My happiest discovery this year has been the Braucher’s Sunshine Harvest Farm booth at the Kingfield Farmers Market. The Brauchers raise chemical free 100% grass fed beef and lamb and pasture raised chicken and eggs (I love their eggs, as does Rick Nelson of the Star Tribune). Every week I ask the Brauchers if they have any skirt steak, because, frankly, I’m obsessed. (I know the term skirt steak will never be the same after Lady Gaga’s dress of meat, but do yourself a favor and give one a try if you haven’t.) The skirt steak is the diaphragm muscle – long and flat. It is extremely flavorful, if slightly tough, so it does best with a quick hot grill and slicing across the grain. The Braucher’s skirt steak doesn’t need a marinade because the flavor is so beefilicious, but a chimichurri? Well, I never met a piece of beef that didn’t want to tango with a chimichurri, so I’m going to share two of my secret recipes with you.

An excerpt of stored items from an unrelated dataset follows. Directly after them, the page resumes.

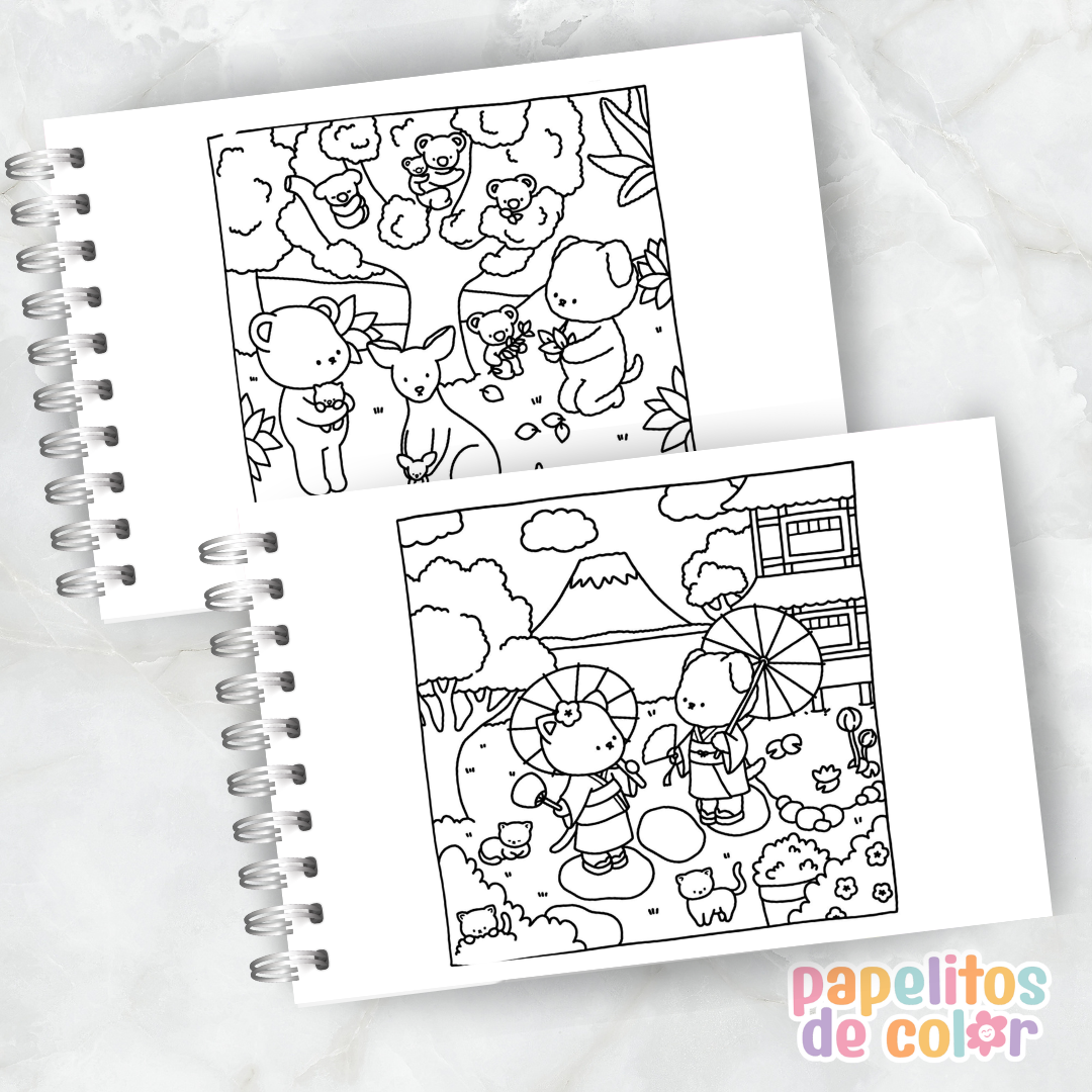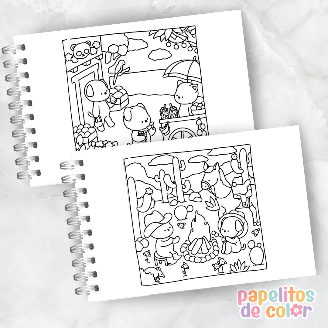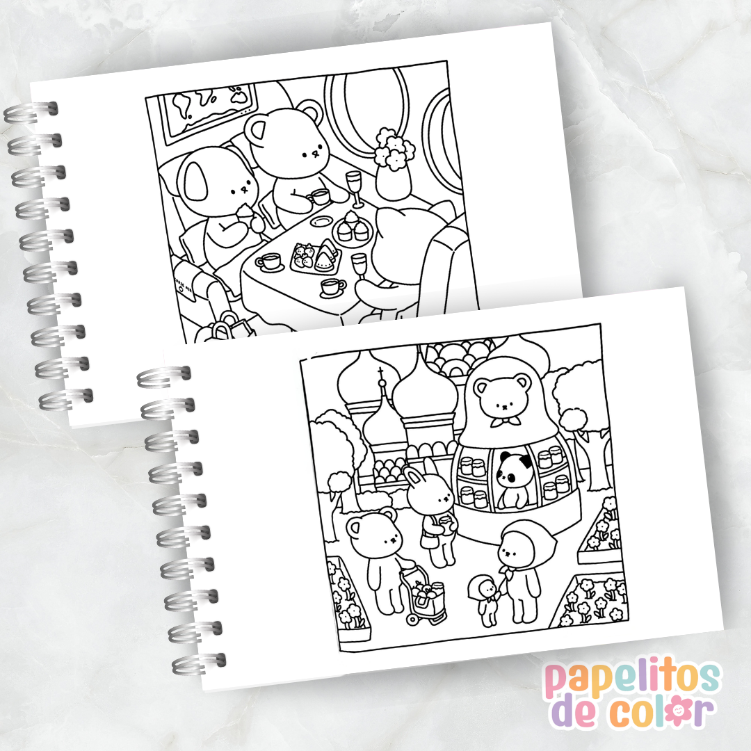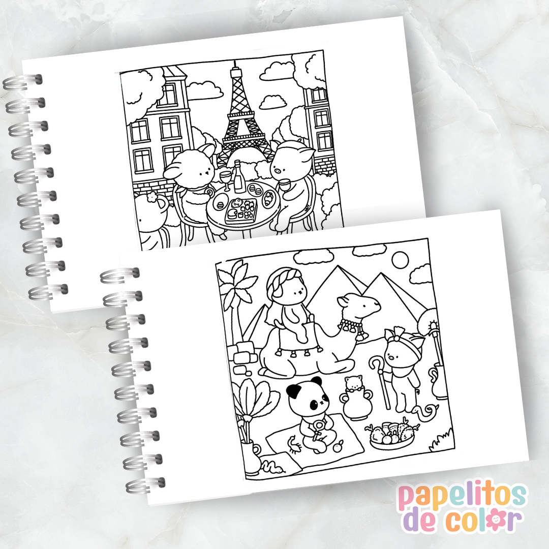 🎨 Incluye 23 hojas únicas con ilustraciones adorables estilo berrie viajando por distintos escenarios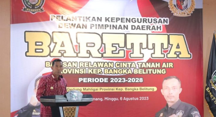 KOPPINEWS.ID, PANGKALPINANG – Minggu (06/08/2023) Penjabat (Pj) Gubernur Kepulauan Bangka Belitung (Kep. Babel), Suganda Pandapotan Pasaribu menghadiri pelantikan kepengurusan DPD Barisan Relawan Cinta Tanah Air (BARETTA) Provinsi Kep. Babel periode 2023-2028 di Ruang Mahligai, Rumah Dinas Gubernur.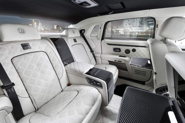 Впрочем, статус исходной модели не сказался на программе тюнинга. Специалисты немецкой компании разработали для Ghost фирменный аэродинамический обвес из углепластика, который может быть оформлен не только в матовом или глянцевом варианте, но и окрашен либо в цвет кузова, либо в контрастный оттенок. Заявлено повышение прижимной силы с новыми деталями. Седан получил 22-дюймовые колеса Brabus Monoblock M Platinum Edition, дизайн которых оптимизирует вентиляцию и охлаждение тормозов.

The first is for a traditional green chimichurri – this would be a good way to use up that parsley that’s hanging on for dear life in your herb garden. It’s fresh and zingy and the herbiness is a perfect pairing for the strong clean taste of grass fed beef.

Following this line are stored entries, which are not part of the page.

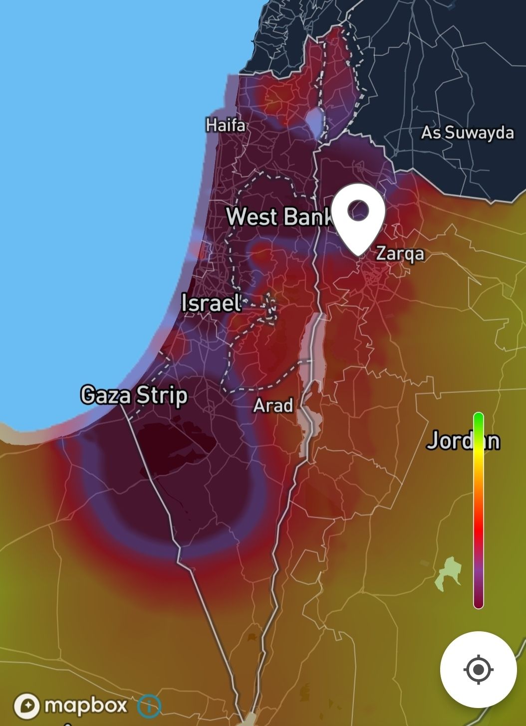 ממפת זיהום אויר עכשוית (בריזומטר) רואים בבירור זיהום חמור שמרוכז רק מעל ישראל. שימו לב שמעל ירדן, לבנון ומצרים האויר הרבה פחות מזוהם. יש למישהו הסבר ?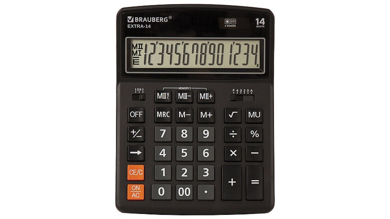 Настольный калькулятор BRAUBERG EXTRA-14-BK. Большой дисплей с увеличенным углом обзора, устойчивый корпус и клавиатура с цветной дифференциацией для эффективной работы с максимальным комфортом.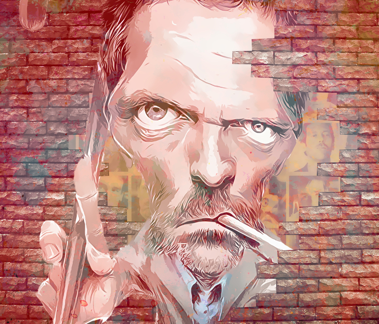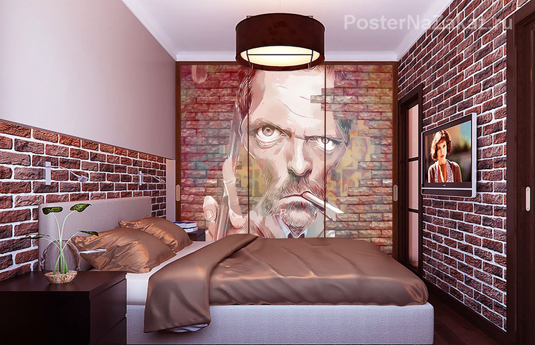 Наклейка на шкаф купе с изображением Доктора Хауса, отлично подойдет для любой комнаты как подростка так и взрослого любителя этого сериала

The second recipe is for a red chimichurri, which you can pretty much always count on finding in my fridge regardless of whether beef is on the menu or not. It is fiery and vinegary and perfectly cuts through the richness of beef, bringing out the smoke and the char. I also find myself putting it on eggs and in soups. And maybe I dipped a grilled cheese sandwich in it once and fainted from the deliciousness. Maybe. For anything meaty, eggy, cheesy, or creamy, this is your sauce.

Que lo disfruten con salud! Enjoy!

 

Chimichurri Verde (Argentine Green Sauce) - Adapted from New World Kitchen by Norman Van Aken

½ cup minced Italian parsley (you can use half cilantro)

½ cup virgin olive oil

2 tablespoons Spanish sherry vinegar

1 teaspoon cayenne pepper

6 cloves garlic, minced

1 teaspoon freshly ground black pepper

1 teaspoon toasted and ground cumin seeds

½ teaspoon kosher salt

Combine all of the ingredients and mix well. Refrigerated, this will keep for up to 1 month.

Van Aken also suggests mixing some of the chimichurri into mayonnaise for sandwiches or salads. I think this would be a great thing to do with either the red or the green chimichurri.

 

Chimichurri Rojo (Argentine Red Sauce)  – Adapted from New World Kitchen by Norman Van Aken

½ cup Spanish sherry vinegar or red wine vinegar

¼ cup virgin olive oil

1 ½ tablespoons hot paprika*

2 teaspoons cayenne pepper

4 cloves garlic, minced

1 teaspoon freshly ground black pepper

1 teaspoon toasted and ground cumin seeds

1 bay leaf, broken in half

½ teaspoon kosher salt

Combine all of the ingredients and mix well. Refrigerated, this keeps for up to 1 month.

*The first time I made this, I didn’t have hot paprika so I used ¾ tablespoon of sweet paprika and ¾ tablespoon of Spanish pimenton. It was so tasty, I never went back to the original recipe.